▶ AIM OF THE TASK:
Repeat word for word the lines starting at the one with "Do detailu propracovaný" and ending at the final line of the material, both ends included; omit pictures.
=== DATA FOR THIS TASK ===
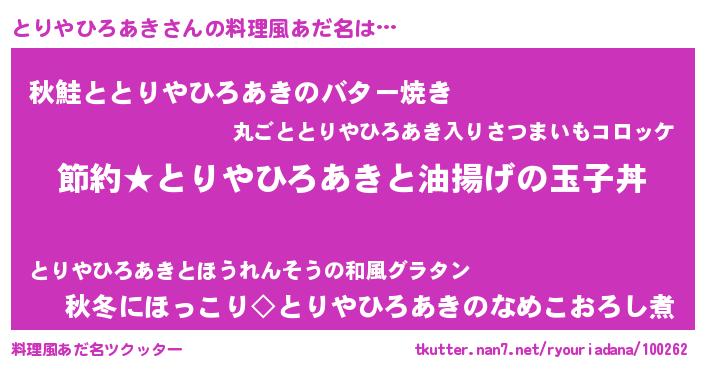 | ヒーロー風カッコイイあだ名 | 『スーパートリヤヒロアキ』 |
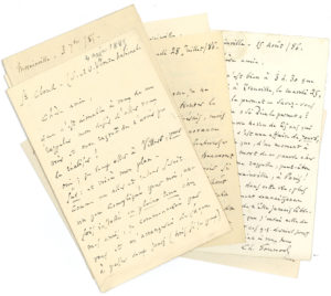 « notre société moderne meurt de cela : l’agitation à la place de l’activité. Voilà le vrai ; la fièvre a remplacé la vie ». 25 septembre, curieuse lettre : il a transmis « votre lettre à Mozart. Il a l’oreille est si merveilleuse qu’il la connaissait avant moi ; il vous avait entendu l’écrire ; je crois qu’il est le seul de cette force là. Le fait est qu’il en sait maintenant plus long que nous sur les propriétés du corps astral (ou sidéral, comme vous voudrez l’appeler)… Il n’ira plus séjourner l’été à Villers et les lettres de 1891 à 1893 deviennent des bulletins de santé : fatigue, bronchite, rhumes, troubles de la vue (une est dictée à sa fille Jeanne), ou des mots de nouvel an…
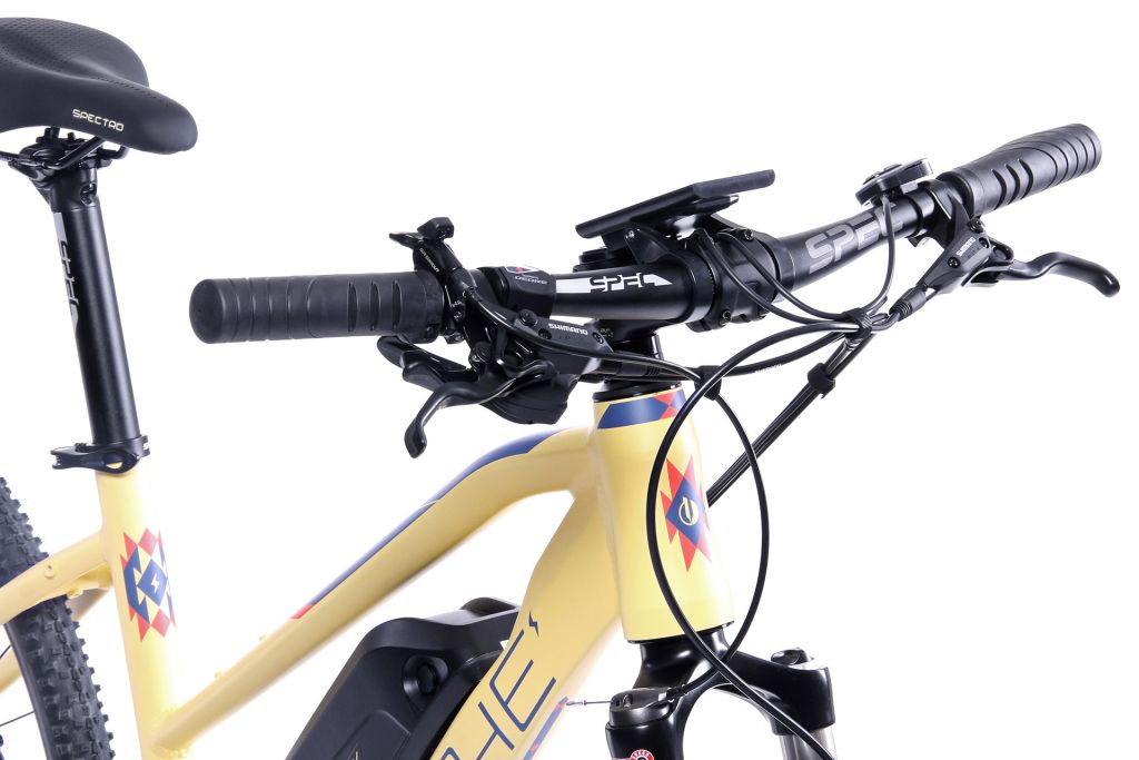 Do detailu propracovaný hliníkový rám doplňuje vzduchová vidlice SR Suntour NCX D Air RL-DS se zdvihem 63 mm a zamykáním z řídítek. Kola o rozměru 28“ jsou zapletena na nábojích Shimano Alivio a pevných hliníkových ráfcích Remerx Top Disc. Pohonnou soustavu tvoří desetirychlostní sada Shimano Deore s kazetou Shimano Alivio a klikami Bafang MaxDrive. Z nabídky značky Shimano pocházejí rovněž hydraulické kotoučové brzdy s označením Acera M396. Široká řídítka, krátký představec, ale také sedlovka a sedlo nese logo české značky Spectro.
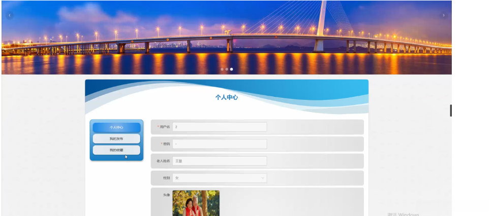 个人中心;在个人中心页面可以录入个人详细信息以完成数据更新流程,并且能够对发布内容和收藏作品进行详细管理;如图5-4所示。
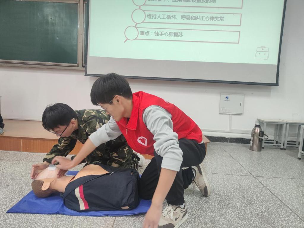 讲座伊始,老师围绕心肺复苏的定义重点讲解了心肺复苏的操作步骤和要点。其次,讲述演示了突发事件的急救流程,邀请学生亲身体验胸部按压等应急救护操作。过程中老师都耐心细致地进行现场指导,帮助学生纠正操作中的错误,让同学们深刻感受到“时间就是生命”的真正意义,掌握了基本应急救护的知识与技能。
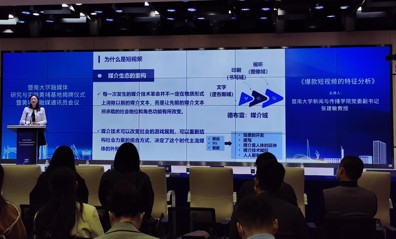 黄埔区委宣传部、黄埔区融媒体中心与暨南大学合作共建的“暨南大学融媒体研究与实践黄埔基地”揭牌。该基地是暨南大学新闻与传播学院首次在中心城市的区级融媒体中心开展合作共建项目,对加强全媒体传播体系建设、探索区县融媒高质量发展模式、推进基层媒体深度融合具有重要意义。
===
▶ ANSWER SECTION:
 Do detailu propracovaný hliníkový rám doplňuje vzduchová vidlice SR Suntour NCX D Air RL-DS se zdvihem 63 mm a zamykáním z řídítek. Kola o rozměru 28“ jsou zapletena na nábojích Shimano Alivio a pevných hliníkových ráfcích Remerx Top Disc. Pohonnou soustavu tvoří desetirychlostní sada Shimano Deore s kazetou Shimano Alivio a klikami Bafang MaxDrive. Z nabídky značky Shimano pocházejí rovněž hydraulické kotoučové brzdy s označením Acera M396. Široká řídítka, krátký představec, ale také sedlovka a sedlo nese logo české značky Spectro.
 个人中心;在个人中心页面可以录入个人详细信息以完成数据更新流程,并且能够对发布内容和收藏作品进行详细管理;如图5-4所示。
 讲座伊始,老师围绕心肺复苏的定义重点讲解了心肺复苏的操作步骤和要点。其次,讲述演示了突发事件的急救流程,邀请学生亲身体验胸部按压等应急救护操作。过程中老师都耐心细致地进行现场指导,帮助学生纠正操作中的错误,让同学们深刻感受到“时间就是生命”的真正意义,掌握了基本应急救护的知识与技能。
 黄埔区委宣传部、黄埔区融媒体中心与暨南大学合作共建的“暨南大学融媒体研究与实践黄埔基地”揭牌。该基地是暨南大学新闻与传播学院首次在中心城市的区级融媒体中心开展合作共建项目,对加强全媒体传播体系建设、探索区县融媒高质量发展模式、推进基层媒体深度融合具有重要意义。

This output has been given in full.